Hamlin served as governor for just two months when he resigned after being elected again to the U.S. Senate. Hamlin served in that capacity until 1861 when he became the Republican Vice-Presidential nominee alongside Abraham Lincoln. Hamlin would serve two more terms in the Senate from 1869-1881.
· 1861: Former three-term Republican Governor Lot Morrill (1858-1860) won a special election to the U.S. Senate to replace the departing Hamlin. Morrill was reelected two years later and served through 1876, save a seven-month stint between seats in 1869.
· 1912: Former two-term Republican Governor Edwin Burleigh (1889-1893) was elected to his only term in D.C.’s upper legislative chamber.
However, not every sitting or former governor with designs on Washington, D.C. has delivered a successful U.S. Senate campaign.
Over the last 100 years, governors from Maine made it onto the U.S. Senate general election ballot on four other occasions – only to lose the race:
· In 1922, former Democratic Governor Oakley Curtis (1915-1917) lost by 15.0 points to one-term Republican incumbent Frederick Hale.

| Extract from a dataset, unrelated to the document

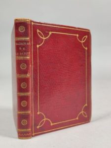 LA SABLIÈRE Antoine de Rambouillet de. Madrigaux. Paris, Duchesne, 1758 ; in-16, reliure du temps maroquin rouge, jeu de filets dorés, dos lisses ornés de motifs dorés, tranches dorées. Encadrement et vignettes, différentes à toutes les pages, tirés en rouge.

· In 1936, sitting Democratic Governor Louis Brann (1933-1937) lost by less than 5,000 votes and 1.5 points to one-term Republican incumbent Wallace White.
· In 1940, ex-governor Brann ran for the state’s other (Class I) U.S. Senate seat, only to lose by 17.3 points to Republican Ralph Brewster in the open seat contest.
· In 1996, former Democratic Governor Joseph Brennan (1979-1987) lost an open seat race by 5.3 points to current Republican Senator Susan Collins.